No matter what experience and knowledge you have, if you want others to appreciate your creative project, you need feedback. But too much or too little can derail your project and, in extreme cases, your creative life. While I am most familiar with feedback on a novel-in-progress, most of the content of this post can apply to any creative project. You can learn to manage feedback so that, like Goldilocks, you find the “just right” solution to your feedback needs.
How Much is Too Much or Too Little?
There’s no easy one-size-fits all answer. It depends on you, your tolerance, your experience, your project’s complexity, and often what else is going on in your life. When your non-creative life is full of stress, your tolerance for too much or too little will change. Self-awareness is key. Do a personal inventory or analysis. How are your relationships? Your physical and emotional health? Other stressors could be financial or mental health or simply dehydration. Relieve as much stress in your life as is possible. If this is a high stress time in your life, be kind to yourself. Assess your needs and allow yourself to fill them to the best of your ability.
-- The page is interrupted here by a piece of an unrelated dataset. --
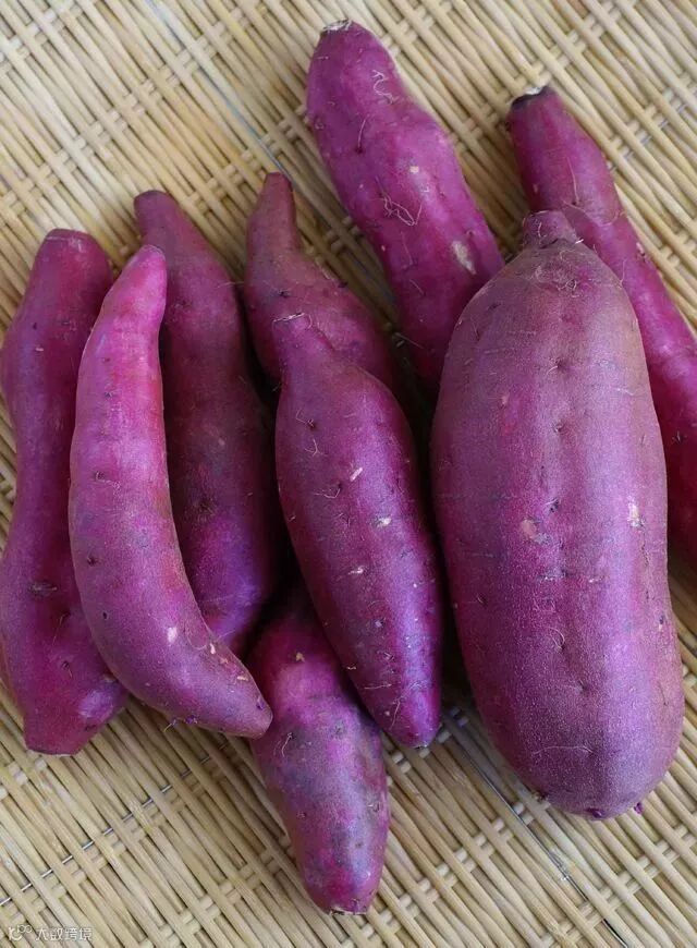 紫薯整体形状会比红薯要更细长,比红薯要稍微“瘦”一些。平时选购紫薯的时候,要注意选择外皮比较光滑的。

Limit the feedback you receive or to ask for more.
The following are symptoms you may experience if you are suffering from too much or too little feedback.
Physical Symptoms
Headaches, muscle tension or pain, indigestion or other stomach problems, chest pain, rapid heartbeat, shortness of breath, and dizziness can all be symptoms of overwhelm. If you only experience your physical symptoms (whatever they may be) when you attempt to work on your creative project, consider that you may suffer from too much or too little feedback.
Confusion
It’s extremely easy to be confused by too much feedback. Whenever you receive more than one opinion, you can run into opposites. One person loves what you’ve written and the other hates it. Too many options for “fixing” the problem in your manuscript can lead to confusion.
Sometimes not getting feedback also leaves you confused. Writing is a solitary sport. That can leave you confused. Or maybe you asked for feedback and got no response or they give a non-committal response.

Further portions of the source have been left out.